My 2022 Outlook
I held off writing this piece because I wanted a little whiff of 2022 before hastening to assign any labels or meaningless wishes to the new year. It's the same song and dance every end of year, isn’t it? The year comes to a close, and we almost too giddily sweep it out, as though it should be discarded with the rubbish in our dustbins. Then we proceed to usher in the coming year, imploring it to "treat us well," or to "behave." Because, you know, that personification boosts our chances of negotiating assured success.
If I'm being honest, 2020 and 2021 just blended into each other, like one indistinguishable continuum. In fact, my perception of time over those two years is very wishy-washy. In my mind, 2019 still seems like last year, and everything that's transpired since fell into the span of one seemingly endless, hopeless, wretched annum.
I attribute it to simply how bizarre this epoch of the pandemic has been. Covid's hold over the world, over our collective health and well-being, our mobility, our happiness, is unmistakable. It has suspended the way the world goes round and somehow made these two years feel unremarkable. Don't get me wrong: I am well aware that 2020 & 2021 have rapidly gone down in the annals of history, but to me they were depressingly uneventful, and it's a challenge differentiating between the two years.
|Where will 2022 take us? The horizon continues to be clouded with unrest and confusion.|
Now the ultimate question is: will 2022 fare any better? Are you familiar with the “rule of three,” or “omne trium perfectum” in Latin? Good (or bad) things come in bundles of three. Already I see vestiges from the foregoing two years. In Lebanon, for example, the US dollar continues to annihilate the Lebanese pound, seconded no less by a struggle with perpetual electricity outages (nine hours a day where we live in the northern suburbs of Beirut), slothful internet speeds and shaky connectivity, stagnant infrastructure, and negative economic sentiment. Around the world, Covid-19 cases have exceeded the previous peak set in February 2021. Even as we navigate this surge, folks persist in their opposition to the vaccine, posing an impasse for how to overcome the coronavirus definitively. How many restrictions must be set in place before the obstinate shed their worldview and accept the shot?

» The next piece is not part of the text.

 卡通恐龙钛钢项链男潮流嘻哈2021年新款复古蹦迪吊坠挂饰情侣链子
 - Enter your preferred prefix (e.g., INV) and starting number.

On an individual level, I find myself constantly striving to remain afloat mentally. There's zero to look forward to, and as someone who thrives on planning ahead and setting tangible goals, I am groping in the dark as I try to forge a path forward. There's no light at the end of the proverbial tunnel, and this realization reduces me to a fragile state.

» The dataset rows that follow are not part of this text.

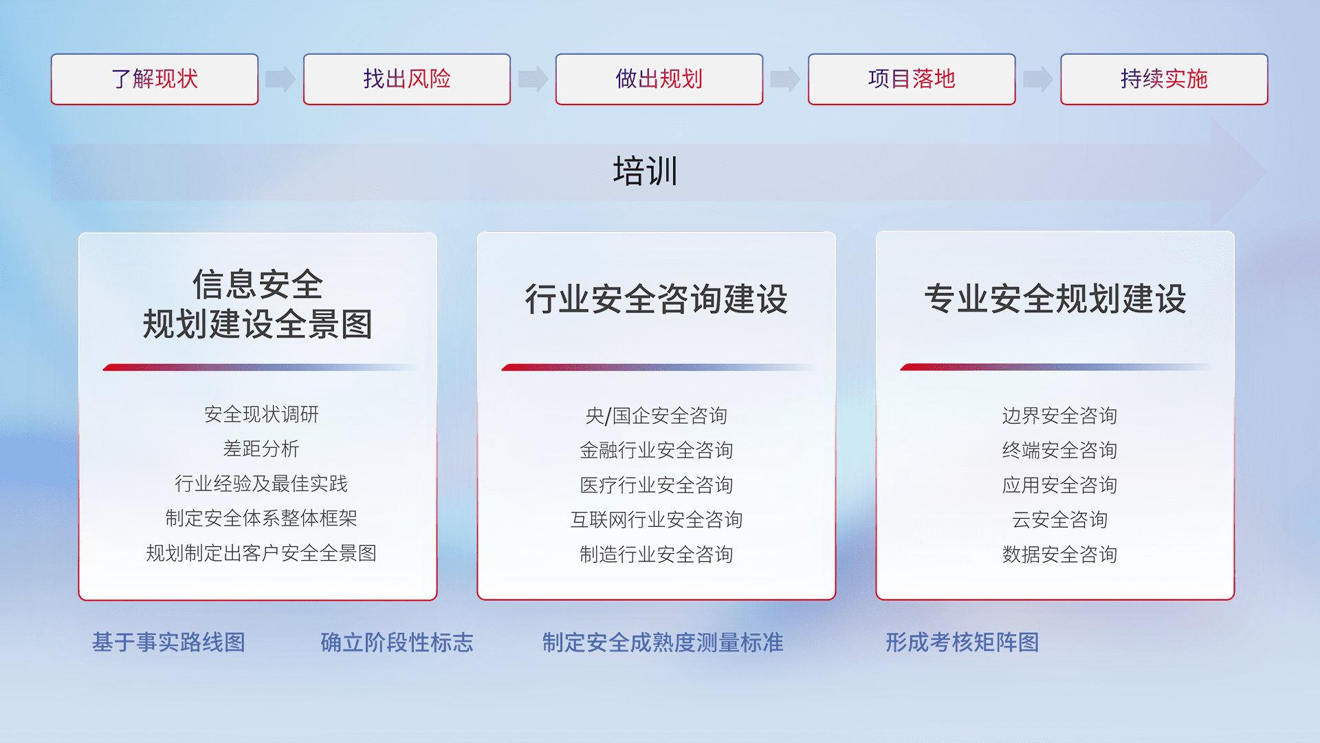 梳理客户信息安全现状调研、、、差距分析结果,,,,结合行业先进经验及最佳实践,,,制订客户的信息安全管控体系总结架构,,,最终形成一个完整的客户信息安全规划与建设的全景图。。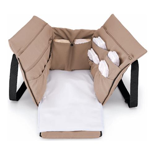 Capiente borsa alla moda, perfetta per andare ovunque. Dotata di pratiche tasche portaoggetti, tasca portatutto con chiusura a zip e fasciatoio removibile e facilmente lavabile. Pensata per garantire una soluzione pratica e igienica per il cambio del bambino in qualsiasi posto ti troverai. Basterà aprire le zip di uno dei lati corti e sdraiare il tuo bambino. Tutto l’occorrente sarà a portata di mano. Con tracolla regolabile e maniglie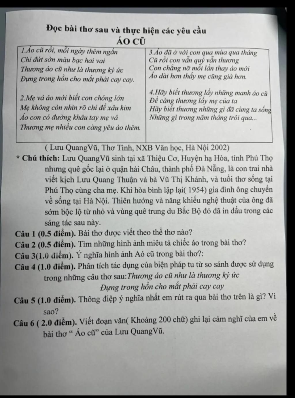 Đọc bài thơ sau và thực hiện các yêu cầu
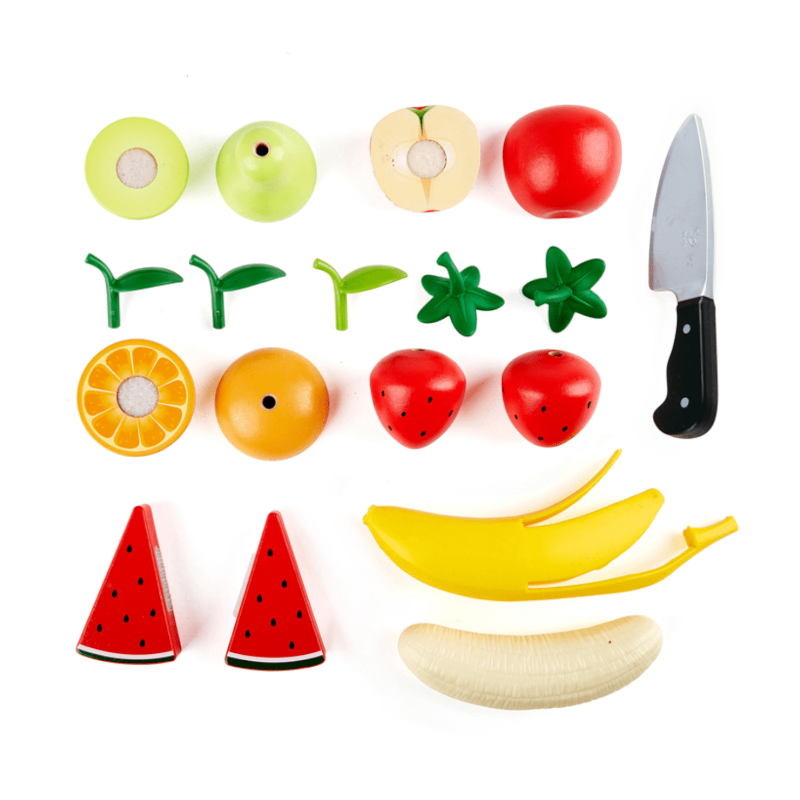 • Includes one realistic play knife, two strawberries, one pear, one orange, one apple, with removable stalks and one slice of watermelon all of which can be sliced with the realistic play knife and one peelable banana.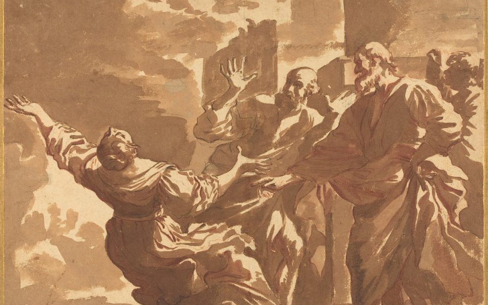 - Tonight’s featured image is “The Death of Sapphira,” by an artist whose name is lost to time, courtesy of the National Gallery of Art’s public-domain collection. Sapphira and her husband Ananias were punished for embezzling from Jesus.

Admittedly, the little things have preserved my sanity and persuaded me to keep keeping on: A cheerful conversation with the baristas at the Dunkin near our home. A chilled glass of Marsyas red wine, once the kids have been tucked in bed. Homemade chewy chocolate chip cookies (finally discovered a foolproof recipe!). Molding the fine minds of my little ones. Duking it out with my husband over a game of Scrabble. And for the past two months, consuming a stream of cheesy Christmas romance flicks on Amazon Prime. I've already checked off close to two dozen, with a few more in my queue despite the fact that Christmas is a wrap. Hey, those films give me the warm, fuzzy feels in a world that's gone frigid.
|It's all about the little things, isn't it? A quick visit to the local Dunkin is an injection of positivity for every member of my family, big and small.|
At length, I will spare you vapid new year's resolutions that mean absolutely nothing. What then are my expectations for 2022? Little to none. That's one surefire way of curbing unnecessary disappointment. While I do see an extension of the foregoing two years, I hope humanity can find a way to march forward. But it's evident we have a long way to go. When our values are too scattered and antithetical to one another, then how can we expect to make progress? United we stand, divided we fall -- thus goes the adage. We just have to remember we’re all on the same side.